## [Requirement]
Apart from the pictures, every line below needs to be reproduced verbatim.

## [Given data]
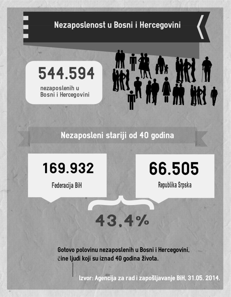Prema evidenciji Federalnog zavoda za zapošljavanje, od ukupnog broja nezaposlenih u Federaciji BiH, zaključno sa 31.05.2014., 169.932 njih su osobe starije od 40 godina. U Republici Srpskoj, prema podacima koje smo dobili od Zavoda za zapošljavanje RS-a, zaključno sa 31.06.2014. godine, na evidenciji zavoda je bilo 66.505 nezaposlenih osoba iznad 40 godina.
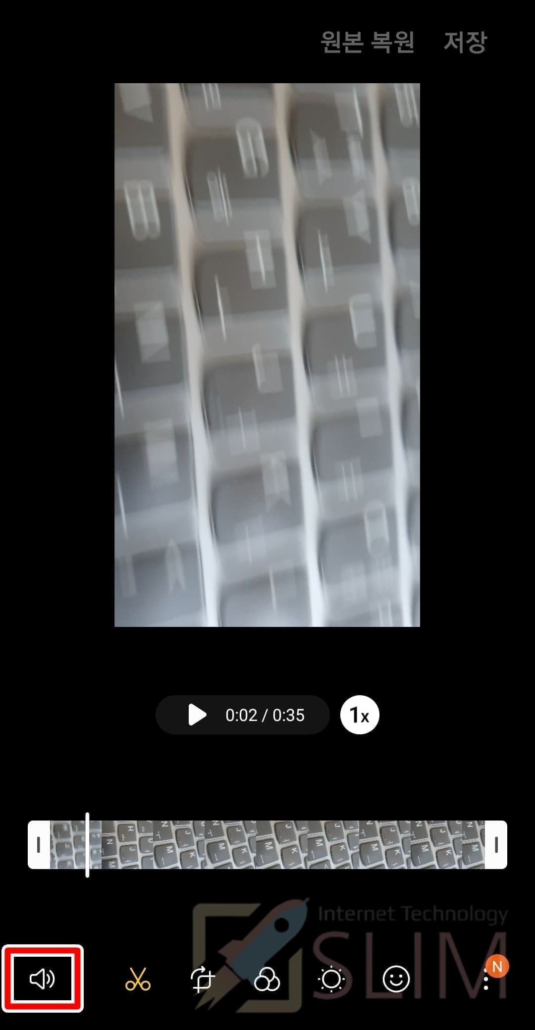 드래그바가 좌측으로 갈수록 소리가 작아지고, 우측으로 갈수록 소리가 커집니다. 기본적으로 우측 끝까지 설정되어 있는데요. 이 바를 조절해서 동영상 소리를 줄여주거나 끝까지 왼쪽으로 설정하여 음소거시킬 수 있습니다. 참고로 슬러시 스피커 모양이 된 것으로 동영상 소리가 제거된 것을 확인할 수 있습니다.
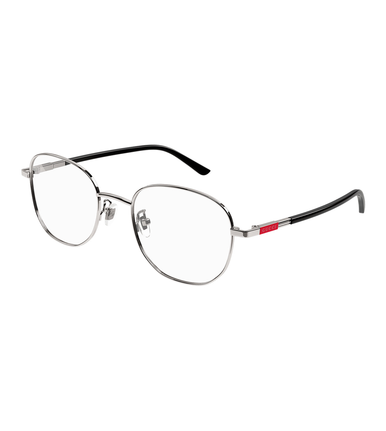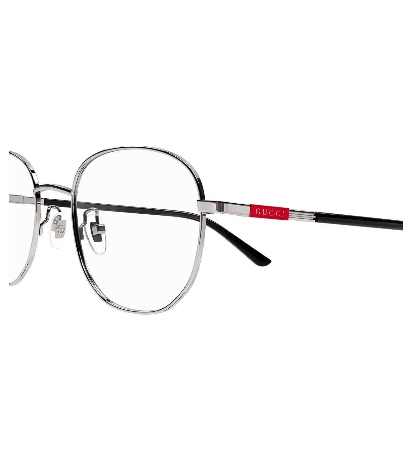 Founded in 1921, Gucci offers eclectic and contemporary creations that represent the pinnacle of Italian craftsmanship that are unsurpassed in quality, attention to detail, and imaginative design. Lightweight soft square shape. Metal gold plaque on both hinges. Teamples featuring enameled detail with Gucci Lettering logo lasered on it. Combi construction with precious details.

## [Exercise response]
Prema evidenciji Federalnog zavoda za zapošljavanje, od ukupnog broja nezaposlenih u Federaciji BiH, zaključno sa 31.05.2014., 169.932 njih su osobe starije od 40 godina. U Republici Srpskoj, prema podacima koje smo dobili od Zavoda za zapošljavanje RS-a, zaključno sa 31.06.2014. godine, na evidenciji zavoda je bilo 66.505 nezaposlenih osoba iznad 40 godina.
 드래그바가 좌측으로 갈수록 소리가 작아지고, 우측으로 갈수록 소리가 커집니다. 기본적으로 우측 끝까지 설정되어 있는데요. 이 바를 조절해서 동영상 소리를 줄여주거나 끝까지 왼쪽으로 설정하여 음소거시킬 수 있습니다. 참고로 슬러시 스피커 모양이 된 것으로 동영상 소리가 제거된 것을 확인할 수 있습니다.
 Founded in 1921, Gucci offers eclectic and contemporary creations that represent the pinnacle of Italian craftsmanship that are unsurpassed in quality, attention to detail, and imaginative design. Lightweight soft square shape. Metal gold plaque on both hinges. Teamples featuring enameled detail with Gucci Lettering logo lasered on it. Combi construction with precious details.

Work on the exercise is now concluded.